Breyer is quick to call out the chief justice’s narrow reading of quid pro quo corruption, noting that Roberts specifically excludes any efforts to “garner ‘influence over or access to’ elected officials or political parties” (#burlapsacks). Breyer tersely writes: “Speech does not exist in a vacuum. Rather, political communication seeks to secure government action. A politically oriented ‘marketplace of ideas’ seeks to form a public opinion that can and will influence elected representatives.” The First Amendment doesn’t protect speech for its own sake, he continues: “The First Amendment advances not only the individual’s right to engage in political speech, but also the public’s interest in preserving a democratic order in which collective speech matters.”
And why does this collective speech matter? Why are we talking about corruption? Because, writes Breyer: “Where enough money calls the tune, the general public will not be heard. Insofar as corruption cuts the link between political thought and political action, a free marketplace of political ideas loses its point.” And yes, there is a silent “duh” in there. Breyer may seem hopelessly naïve or idealistic next to Roberts, but what he writes in dissent today seems to reflect fairly accurately what most Americans view as the appearance of corruption when the 1 percent of wealthiest political contributors are allowed to give unlimited funds to political candidates and party committees: “The ‘appearance of corruption’ can make matters worse. It can lead the public to believe that its efforts to communicate with its representatives or to help sway public opinion have little purpose. And a cynical public can lose interest in political participation altogether,” Breyer notes. “Democracy, the Court has often said, cannot work unless ‘the people have faith in those who govern.’ ”

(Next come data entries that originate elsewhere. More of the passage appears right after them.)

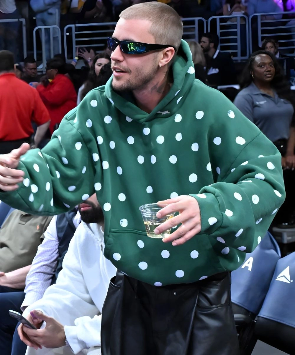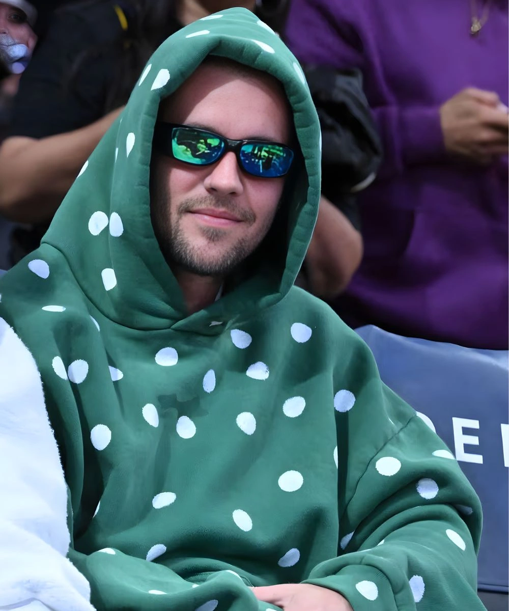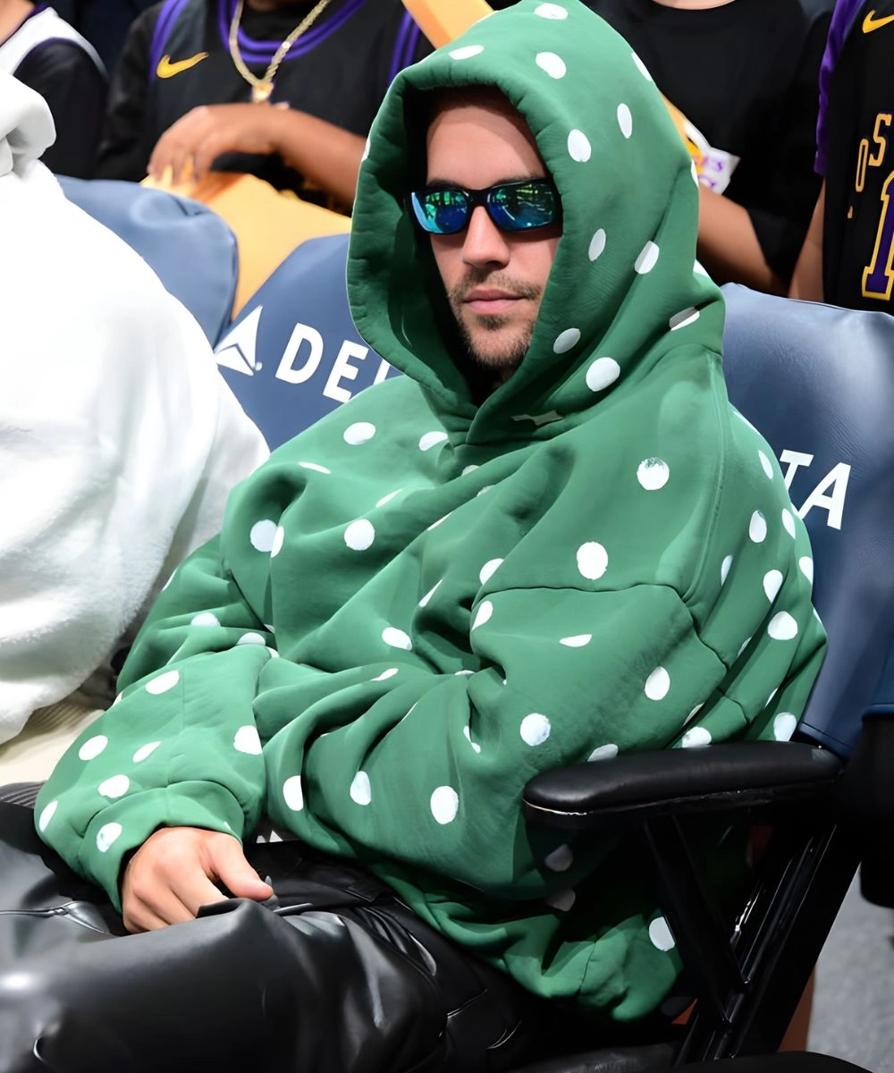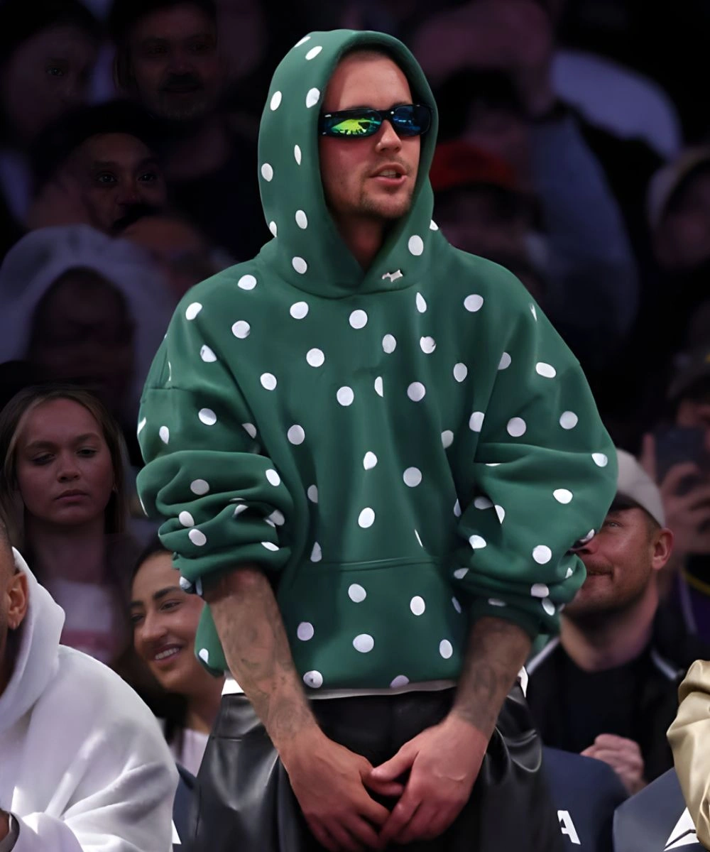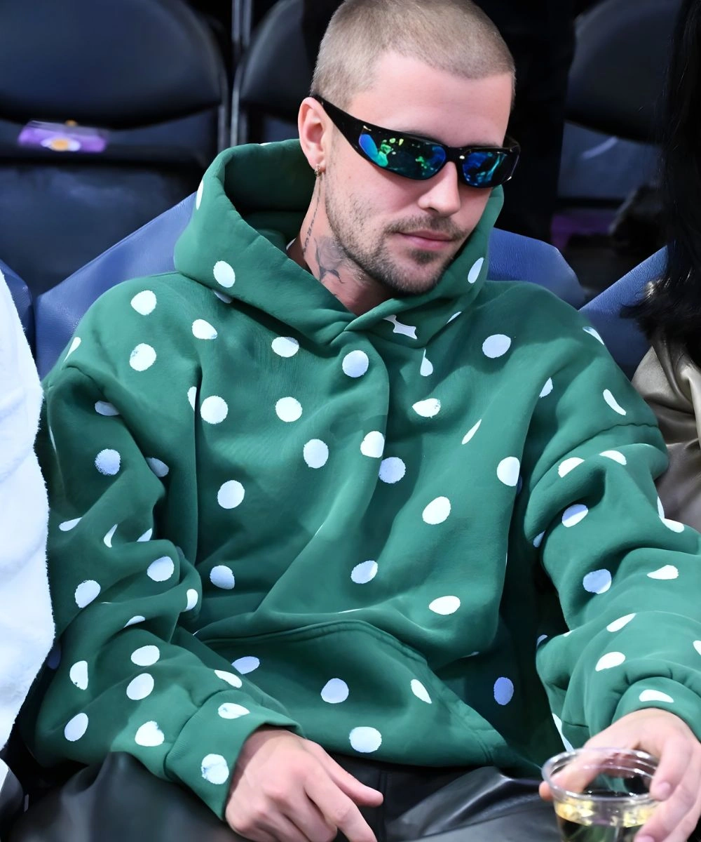 Turn everyday comfort into a statement look with the Justin Bieber Polka Dot Green Hoodie. Inspired by his fearless street style and trendsetting edge for every fan. This Justin Bieber Polka Dot Green Hoodie is a vibrant blend of street-ready vibe and whimsical pop design. It is made from high-quality fleece that offers an insulating layer and retains a soft loft to endure everyday wear. It has a structured look and remains exceptionally soft to the touch.
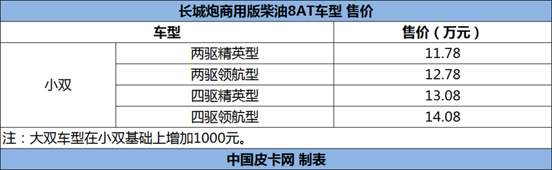 作为长城面向商用市场的核心产品,商用炮在整车设计上更注重实用性,柴油8AT车型的售价也并不高。商用炮柴油8AT车型有小双和大双可以选择,共有8款细分产品,售价区间为11.78-14.18万元。此外,去年年底,长城在炮系列的基础上推出了共创产品茶王版,商用炮茶王版提供柴油四驱6MT与8AT两种动力选择,8AT车型售价为14.28万元。
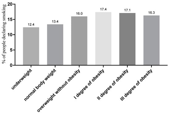 Percentage of people declaring smoking depending on the BMI category (due to the number of groups compared, results for differences are not shown in the figure).
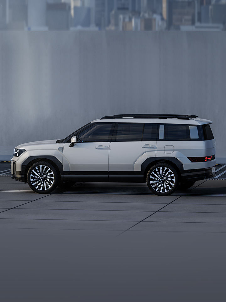 디 올 뉴 산타페의 외관 디자인은 박시한 형태의 강인한 이미지를 바탕으로 긴 휠베이스와 넓은 테일게이트에서 비롯된 유니크한 실루엣이 강렬한 존재감을 드러냅니다.

That assessment is both a fairly accurate description of the status quo, when it comes to money in politics, and a predictor of how the public will likely react to the news that one of the last remaining efforts to curb the influence of big money in politics was just vaporized by the Roberts court. Breyer goes on to detail in his dissent how aggregate contributions can be used to work around the democratic process. (Actually, he pretty much writes the handbook.) But he almost needn’t bother. He may be childishly wedded to the old-fashioned notion that pouring ever more billionaire dollars into electoral politics is nobody’s idea of freedom, good government, or equality. But I believe him. I suspect most Americans will as well.
That leaves three possibilities for the chief justice’s divorced-from-reality decision about the relationship between corruption, huge money, and politics today: Either he thinks Americans really don’t see any connection. Or he doesn’t care what we see or believe. Or he really doesn’t think that candidates dialing for big dollars constitutes corruption. None of these alternatives is pretty. But I worry that the court has located itself so outside the orbit of the 99 percent that it simply doesn’t matter to the five conservatives in the majority that the American public knows perfectly well what bought government looks like and that Breyer is describing a level of cynicism that has already arrived. Worse still, I worry that it matters very little to them that we will stop voting, donating, participating, or caring about elections at all in light of this decision to silence us yet further. In which case McCutcheon is a self-fulfilling prophecy in exactly the way Breyer predicts: Money doesn’t just talk. It also eventually forces the public to understand that we don’t much matter. It silences. It already has.